À fase mais antiga estarão associadas todas as representações zoomórficas (essencialmente equídeos e um caprino) monocromáticas, de coloração vermelha, que ocupam, parcialmente, o sector sul do grande painel policromo do tecto da sala lateral do vestíbulo.

Ainda neste espaço, e por vezes também sobrepostas pelas restantes pinturas mais recentes, encontram-se algumas figuras de mãos, quer em positivo, quer em negativo, bem como um conjunto de sinais de carácter abstracto, representados por linhas rectas, curvas ou quebradas, todos igualmente concretizados através da aplicação de ocre vermelho.
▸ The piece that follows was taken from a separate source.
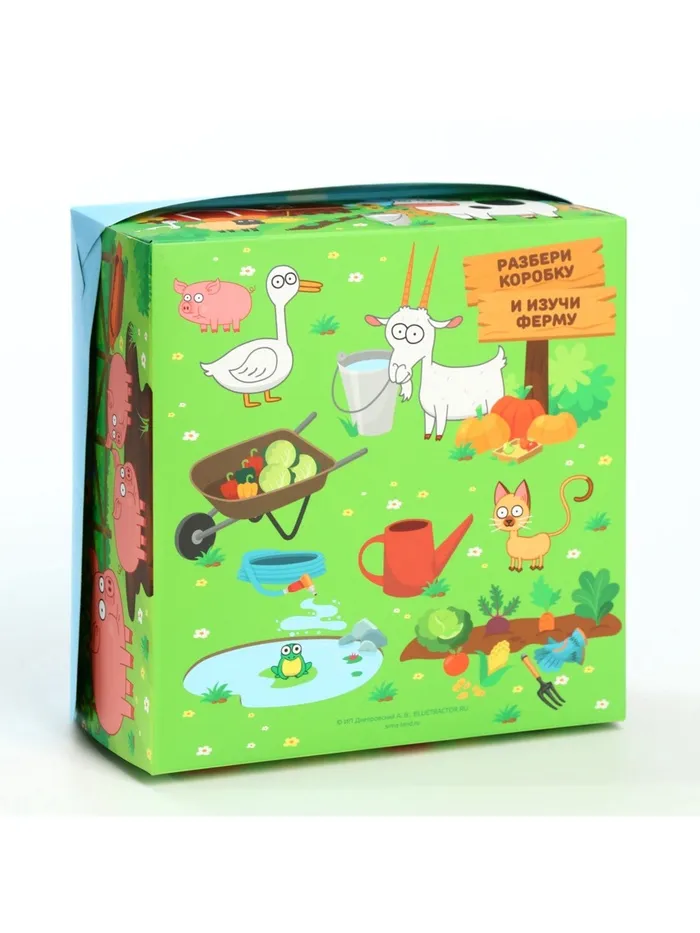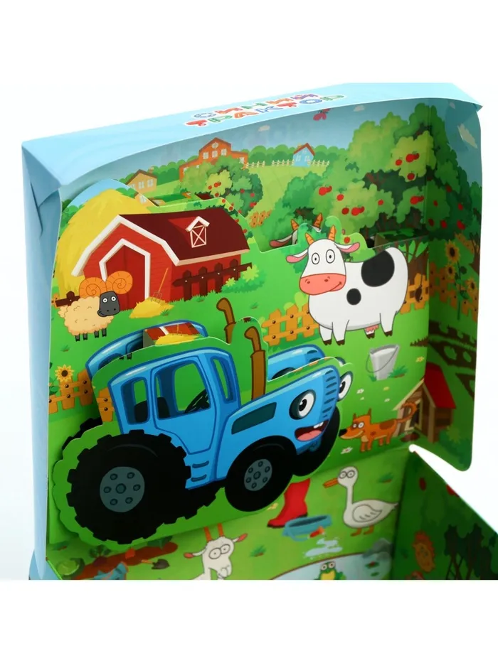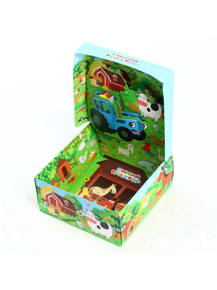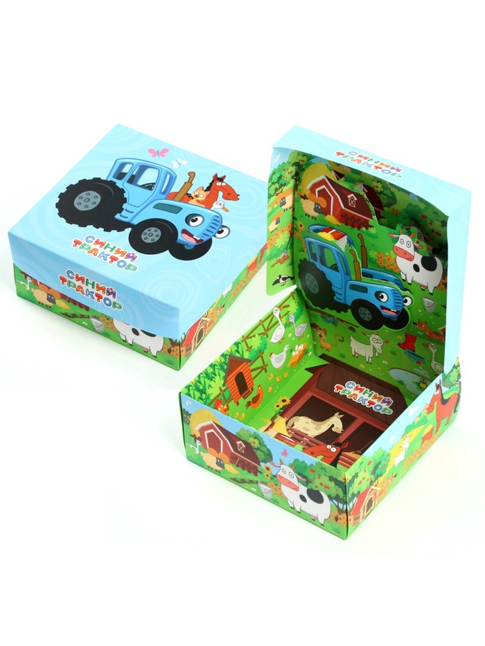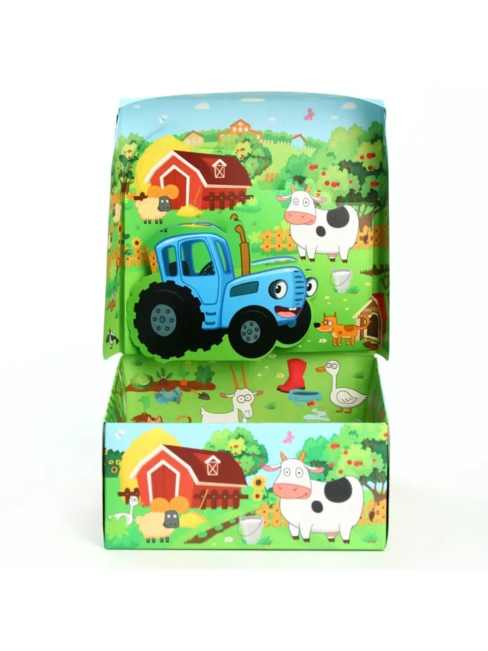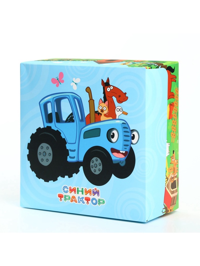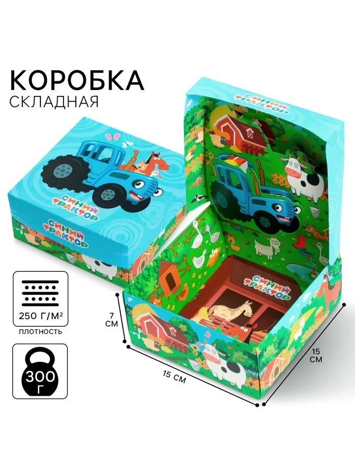 Подарочная коробка складная с 3Д, Синий трактор, 15х15х7 см — Характеристики

Regressando à galeria central, num pequeno divertículo situado a cerca de 75m da entrada, onde a luz natural já praticamente não chega, encontra-se novo conjunto de sinais abstractos de coloração vermelha, desta feita identificados a formas ovais compartimentadas, sinais em forma de escada e outros quadrangulares.

Por último, as derradeiras figuras atribuídas a este primeiro momento de representação na gruta localizam-se na segunda galeria, correspondendo a um conjunto de gravuras, provavelmente três equídeos, definidas através da realização de um sulco profundo.

A segunda etapa de ocupação de Altamira e, simultaneamente, a sua segunda fase de representação associa-se ao Magdalenense Inferior cantábrico, distribuindo-se por um espaço temporal de, aproximadamente, 3.000 anos.

Neste amplo intervalo assistimos, por um lado, ao estabelecimento de uma iconografia mais diversificada, onde, apesar de continuarem a figurar alguns equídeos, surgem agora em maior número os cervos (machos e fêmeas) e os bisontes, acompanhados por alguns auroques, cabras montesas, rostos semi-humanos e um variado conjunto de sinais abstractos. Por outro lado, estas mesmas representações revelam também uma distribuição muito mais alargada, quer em termos quantitativos, quer em relação ao espaço que ocupam.

N
esta segunda fase, os últimos estudos levados a efeito permitiram individualizar dois momentos diferenciados ao nível das representações.

O primeiro corresponde à chamada “série negra” e está representado por um vasto conjunto de figuras desenhadas a carvão vegetal, mas englobando também um número muito substancial de gravuras. Ao nível da sua temática dominam os cervos (sobretudo gravados), seguidos dos caprinos, bisontes, cavalos e por último os auroques, acompanhados por um variado e numeroso grupo de sinais, de entre os quais cabe destacar as chamadas “máscaras”, um misto de representação facial abstracta humana e/ou animal.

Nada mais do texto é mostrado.